At the end of the EU export season, Valencia oranges are customarily prone to CBS non-compliance.
This is consequent to the 10 CBS notices of non-compliance (NONCs) on SA citrus that have so far been found this season, as well as the higher risk of CBS non-compliance that Valencia oranges present.
The Citrus Growers Association of South Africa (CGA) and the Fresh Produce Exporters’ Forum Boards have taken the decision to voluntarily close the export of Valencia oranges from Citrus Black Spot (CBS) affected areas in South Africa to the European Union (EU) starting from.
The market closure which will commence on 16 September 2022, will be implemented in phases.
The last day of inspections on Valencias will be on September 16 in the Northern areas, and on September 23, 2022, in the Gamtoos Valley [Patensie], East Cape Midlands, and Sundays River Valley.
Other citrus fruits such as mandarins, grapefruit, lemons, and navels from CBS-free areas will not be affected.
Whereas this closure will be a further setback for growers who have already experienced one of the most difficult seasons to date, the sector contends that they must prioritize continued access to the EU market.
This choice demonstrates the efficiency with which South Africa’s phytosanitary CBS Risk Mitigation System is being put into practice, as reported by Biz Community.
EU’s stringent requirements
The EU recently instituted new cold treatment requirements for all oranges destined for European tables to fight against the False Coddling Moth (FCM).
The oranges are to be subjected to extreme cold treatment and kept at temperatures of two degrees Celsius or less for 25 days, which South African growers say is not necessary as the country already has more targeted means of preventing the infestation.
Due to these new restrictions, up to 1,350 citrus containers were recently held at EU ports for several weeks, causing damages to local growers of over R200 million (USD 11,458,540).

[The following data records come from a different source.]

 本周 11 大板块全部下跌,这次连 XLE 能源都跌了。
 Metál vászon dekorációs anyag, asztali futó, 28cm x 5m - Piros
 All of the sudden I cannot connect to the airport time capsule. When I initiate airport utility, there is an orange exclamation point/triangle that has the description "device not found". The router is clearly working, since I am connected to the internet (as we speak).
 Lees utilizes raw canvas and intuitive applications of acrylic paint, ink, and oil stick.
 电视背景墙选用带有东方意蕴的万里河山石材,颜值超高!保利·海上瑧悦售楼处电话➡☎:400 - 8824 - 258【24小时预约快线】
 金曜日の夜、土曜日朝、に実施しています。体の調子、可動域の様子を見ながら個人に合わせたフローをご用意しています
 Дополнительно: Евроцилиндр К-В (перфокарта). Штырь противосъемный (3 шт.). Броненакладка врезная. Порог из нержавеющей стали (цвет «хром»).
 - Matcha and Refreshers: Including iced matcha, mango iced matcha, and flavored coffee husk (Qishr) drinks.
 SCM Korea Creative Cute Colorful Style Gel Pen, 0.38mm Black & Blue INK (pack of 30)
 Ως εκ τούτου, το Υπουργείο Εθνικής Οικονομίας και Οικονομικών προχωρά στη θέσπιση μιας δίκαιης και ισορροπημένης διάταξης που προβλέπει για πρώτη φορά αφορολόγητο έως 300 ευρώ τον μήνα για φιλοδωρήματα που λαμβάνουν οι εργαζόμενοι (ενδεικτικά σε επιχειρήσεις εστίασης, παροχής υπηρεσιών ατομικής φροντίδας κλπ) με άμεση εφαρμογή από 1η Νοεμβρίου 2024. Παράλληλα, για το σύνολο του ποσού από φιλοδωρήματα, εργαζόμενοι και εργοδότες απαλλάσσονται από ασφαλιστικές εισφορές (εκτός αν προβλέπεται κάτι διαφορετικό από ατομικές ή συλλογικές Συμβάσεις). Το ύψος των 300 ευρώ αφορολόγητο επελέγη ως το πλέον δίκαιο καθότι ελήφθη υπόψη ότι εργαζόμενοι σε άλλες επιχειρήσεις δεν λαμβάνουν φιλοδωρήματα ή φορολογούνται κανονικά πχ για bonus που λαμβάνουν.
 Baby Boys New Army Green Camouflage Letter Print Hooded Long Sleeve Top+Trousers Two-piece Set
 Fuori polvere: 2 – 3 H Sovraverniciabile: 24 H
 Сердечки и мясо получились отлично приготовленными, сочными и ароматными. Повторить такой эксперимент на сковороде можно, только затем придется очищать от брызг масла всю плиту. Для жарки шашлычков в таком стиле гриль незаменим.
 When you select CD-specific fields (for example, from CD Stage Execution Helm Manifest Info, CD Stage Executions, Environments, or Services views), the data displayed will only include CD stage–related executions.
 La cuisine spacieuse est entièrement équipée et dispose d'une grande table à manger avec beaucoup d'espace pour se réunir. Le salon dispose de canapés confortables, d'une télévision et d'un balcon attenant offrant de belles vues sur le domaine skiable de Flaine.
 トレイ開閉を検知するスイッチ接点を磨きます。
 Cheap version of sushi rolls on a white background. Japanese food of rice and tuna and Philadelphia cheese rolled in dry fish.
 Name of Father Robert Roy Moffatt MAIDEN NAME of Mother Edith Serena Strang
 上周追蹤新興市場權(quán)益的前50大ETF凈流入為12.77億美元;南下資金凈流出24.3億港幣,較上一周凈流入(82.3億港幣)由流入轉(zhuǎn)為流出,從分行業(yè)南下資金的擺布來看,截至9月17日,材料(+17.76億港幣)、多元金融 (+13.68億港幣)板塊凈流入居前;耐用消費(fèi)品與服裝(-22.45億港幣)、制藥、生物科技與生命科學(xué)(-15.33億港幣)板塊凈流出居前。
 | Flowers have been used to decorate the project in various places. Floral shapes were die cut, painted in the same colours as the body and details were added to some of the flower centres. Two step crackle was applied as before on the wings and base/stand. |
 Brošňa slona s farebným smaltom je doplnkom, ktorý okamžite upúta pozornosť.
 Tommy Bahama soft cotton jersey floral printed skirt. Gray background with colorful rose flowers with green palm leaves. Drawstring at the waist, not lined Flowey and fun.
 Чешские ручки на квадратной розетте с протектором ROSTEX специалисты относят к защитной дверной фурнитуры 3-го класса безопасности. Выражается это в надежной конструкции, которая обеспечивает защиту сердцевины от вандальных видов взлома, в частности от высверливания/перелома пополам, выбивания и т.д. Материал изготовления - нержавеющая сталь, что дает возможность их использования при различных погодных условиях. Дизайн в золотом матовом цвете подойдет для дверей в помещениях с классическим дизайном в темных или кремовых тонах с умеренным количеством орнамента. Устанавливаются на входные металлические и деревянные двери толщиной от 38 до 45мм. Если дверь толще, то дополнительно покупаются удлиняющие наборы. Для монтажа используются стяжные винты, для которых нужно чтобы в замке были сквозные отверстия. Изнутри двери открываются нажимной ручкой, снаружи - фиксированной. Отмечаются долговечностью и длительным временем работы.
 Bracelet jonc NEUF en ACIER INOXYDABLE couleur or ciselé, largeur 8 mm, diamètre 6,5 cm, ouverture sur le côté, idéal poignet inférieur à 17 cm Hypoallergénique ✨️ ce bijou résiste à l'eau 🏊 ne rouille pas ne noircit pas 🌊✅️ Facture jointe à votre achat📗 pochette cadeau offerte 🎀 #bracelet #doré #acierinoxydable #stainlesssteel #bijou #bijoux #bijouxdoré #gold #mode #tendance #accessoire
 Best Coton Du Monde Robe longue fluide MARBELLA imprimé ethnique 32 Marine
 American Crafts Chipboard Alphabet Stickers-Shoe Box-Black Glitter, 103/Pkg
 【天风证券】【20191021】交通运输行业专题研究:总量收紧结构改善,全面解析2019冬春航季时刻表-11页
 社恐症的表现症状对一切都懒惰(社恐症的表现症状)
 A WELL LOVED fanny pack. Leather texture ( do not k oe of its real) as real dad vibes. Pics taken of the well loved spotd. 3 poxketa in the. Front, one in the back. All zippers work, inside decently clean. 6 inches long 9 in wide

However, the Citrus Growers Association (CGA) asserts that it will continue to hold the position that the cold treatment requirements of the new laws are arbitrary and pointless trade restraints that also violate international standards for such phytosanitary trade regulations. These requirements, according to the CGA, contradict scientific evidence.
Consequently, the Department of Trade, Industry, and Competition (DTIC) has initiated the World Trade Organization (WTO) consultation process, which will be crucial because the industry is thought to be threatened by the long-term enforcement of the new FCM regulations.
According to the CGA, it is still dedicated to working with the government and other value-chain partners to guarantee that local growers can thrive in the near future and that the sector continues to play a significant role in the nation’s economy and employment market.